Each line below from the line with "В центральных областях" to the line with "Legato Waschbeckenunterschrank, 4" must be copied exactly, including those two, and no picture may appear in the copy.

*** SUPPLIED ENTRIES ***

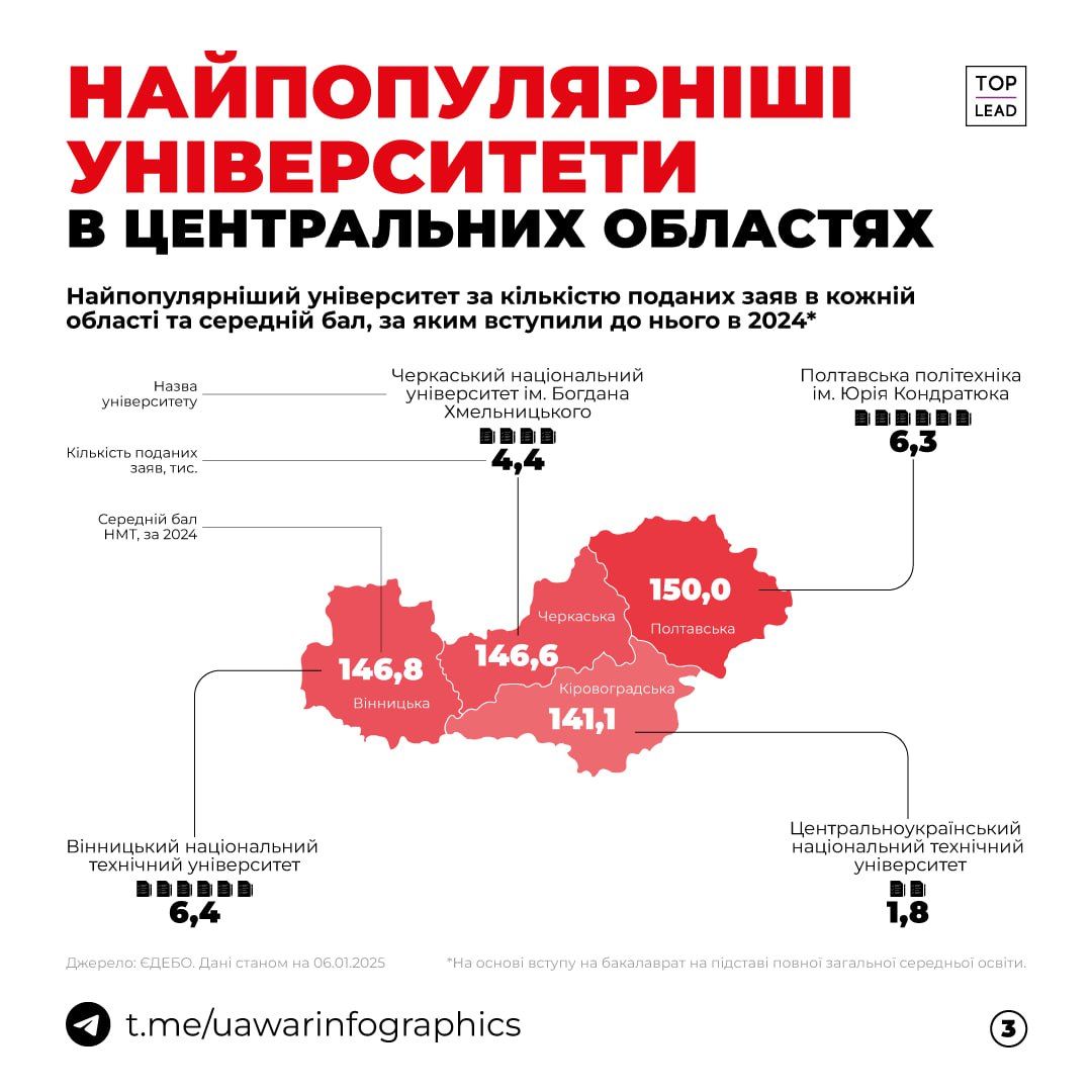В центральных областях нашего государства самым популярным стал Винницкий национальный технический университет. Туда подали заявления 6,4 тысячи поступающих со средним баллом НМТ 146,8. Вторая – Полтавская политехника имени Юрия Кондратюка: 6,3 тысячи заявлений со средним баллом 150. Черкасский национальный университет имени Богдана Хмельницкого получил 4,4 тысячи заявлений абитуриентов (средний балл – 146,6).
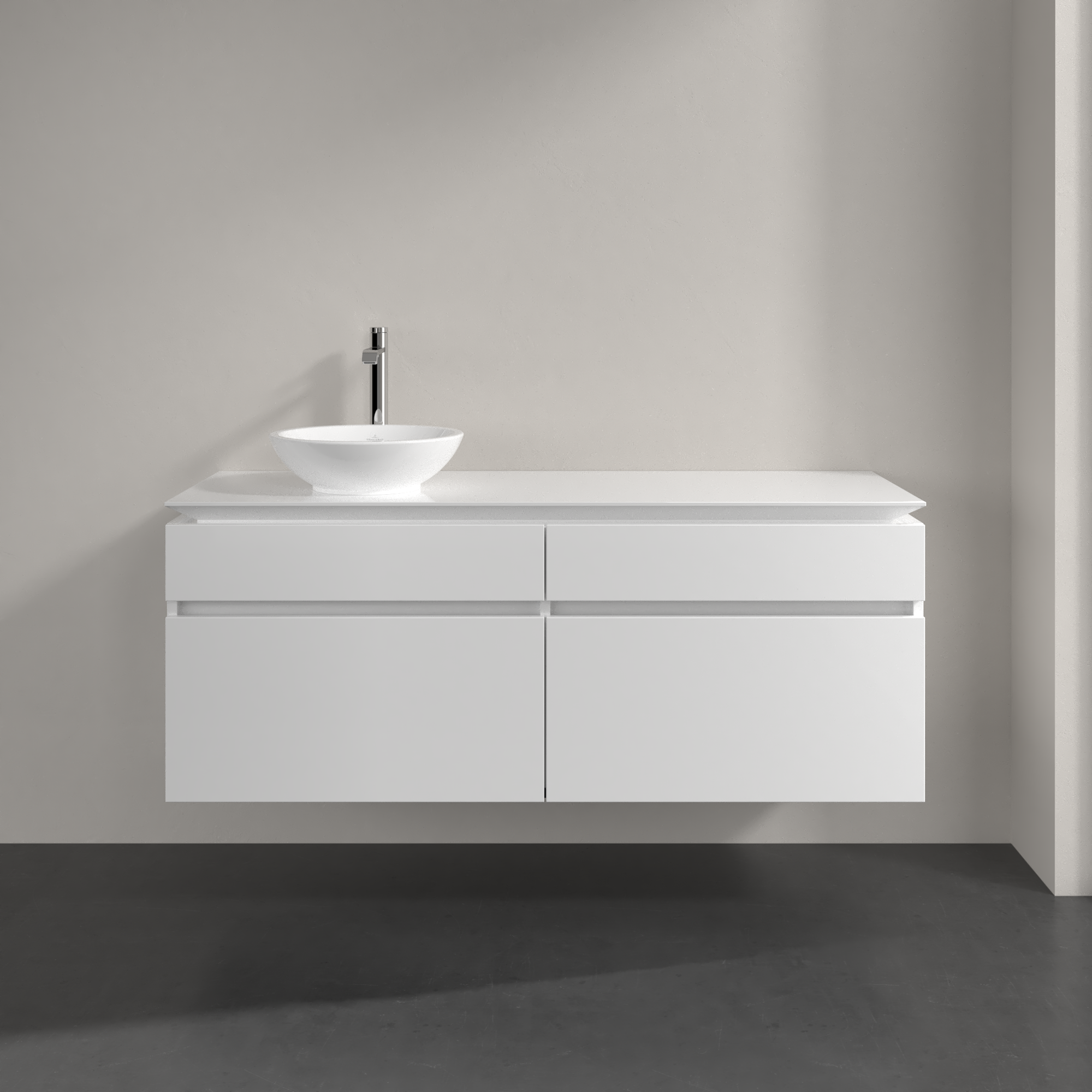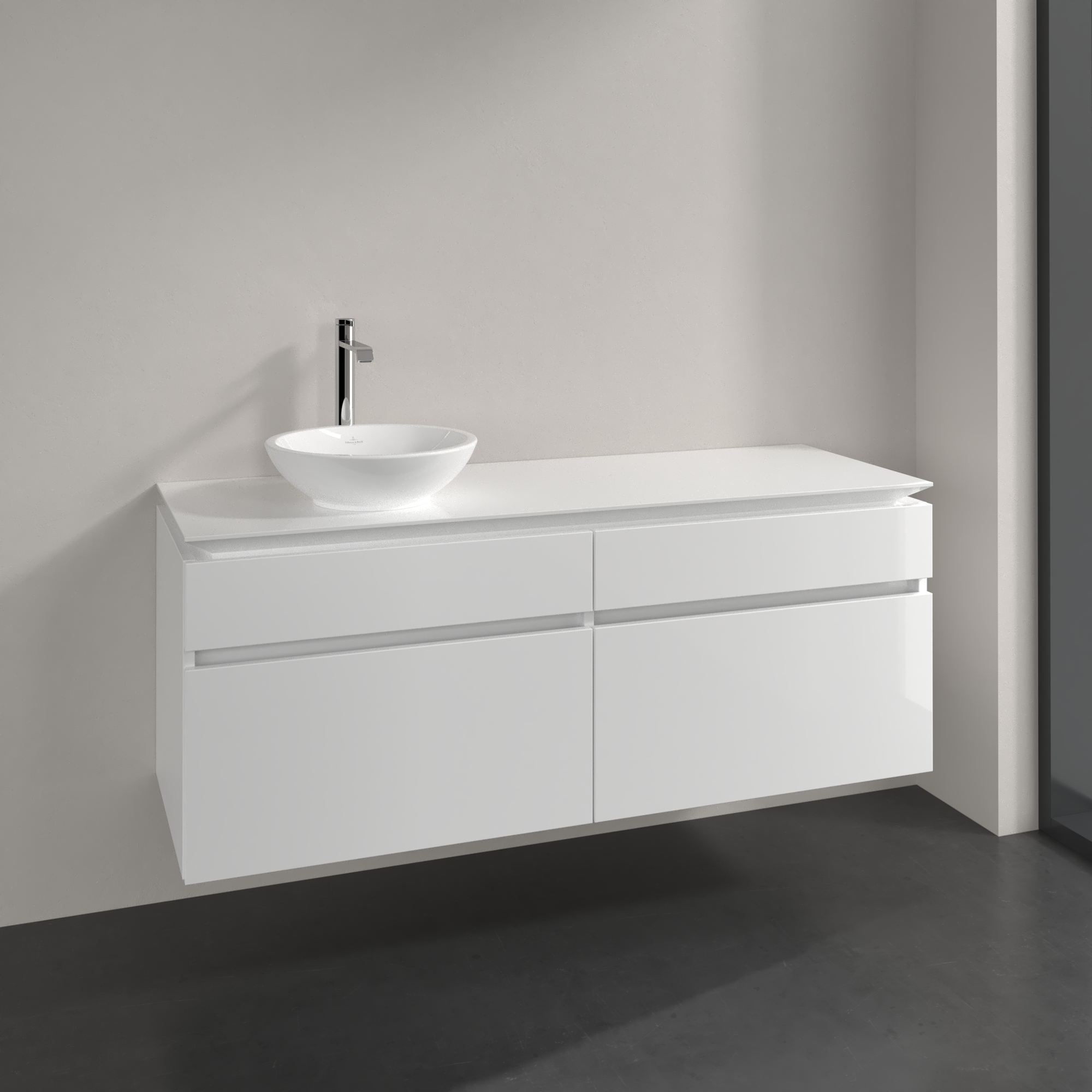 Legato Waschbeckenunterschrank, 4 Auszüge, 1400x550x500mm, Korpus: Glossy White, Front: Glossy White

*** End of SUPPLIED ENTRIES ***
*** SUPPLIED ENTRIES ***

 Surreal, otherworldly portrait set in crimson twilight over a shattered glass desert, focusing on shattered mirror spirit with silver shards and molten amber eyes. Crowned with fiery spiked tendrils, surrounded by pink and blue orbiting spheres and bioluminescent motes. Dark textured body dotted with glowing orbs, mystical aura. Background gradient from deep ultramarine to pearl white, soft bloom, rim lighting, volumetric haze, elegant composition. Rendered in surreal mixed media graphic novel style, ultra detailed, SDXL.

*** End of SUPPLIED ENTRIES ***
*** SUPPLIED ENTRIES ***

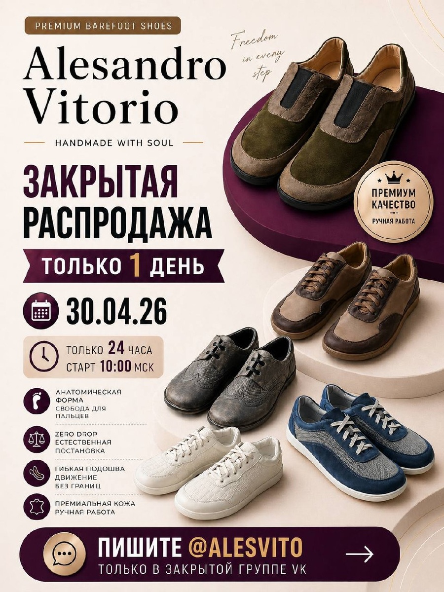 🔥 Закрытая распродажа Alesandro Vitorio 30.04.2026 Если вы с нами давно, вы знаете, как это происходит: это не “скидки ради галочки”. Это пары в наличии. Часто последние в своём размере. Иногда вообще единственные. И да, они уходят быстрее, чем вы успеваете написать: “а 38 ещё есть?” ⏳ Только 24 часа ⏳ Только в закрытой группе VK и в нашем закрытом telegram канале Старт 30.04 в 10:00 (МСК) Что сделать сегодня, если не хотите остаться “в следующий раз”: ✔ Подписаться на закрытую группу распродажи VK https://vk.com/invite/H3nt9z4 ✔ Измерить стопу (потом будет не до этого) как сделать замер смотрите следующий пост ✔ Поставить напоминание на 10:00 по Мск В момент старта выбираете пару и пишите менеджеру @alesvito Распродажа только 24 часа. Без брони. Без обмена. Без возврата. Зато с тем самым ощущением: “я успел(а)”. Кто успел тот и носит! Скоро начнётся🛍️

*** End of SUPPLIED ENTRIES ***

* EXERCISE ANSWER *
В центральных областях нашего государства самым популярным стал Винницкий национальный технический университет. Туда подали заявления 6,4 тысячи поступающих со средним баллом НМТ 146,8. Вторая – Полтавская политехника имени Юрия Кондратюка: 6,3 тысячи заявлений со средним баллом 150. Черкасский национальный университет имени Богдана Хмельницкого получил 4,4 тысячи заявлений абитуриентов (средний балл – 146,6).
 Legato Waschbeckenunterschrank, 4 Auszüge, 1400x550x500mm, Korpus: Glossy White, Front: Glossy White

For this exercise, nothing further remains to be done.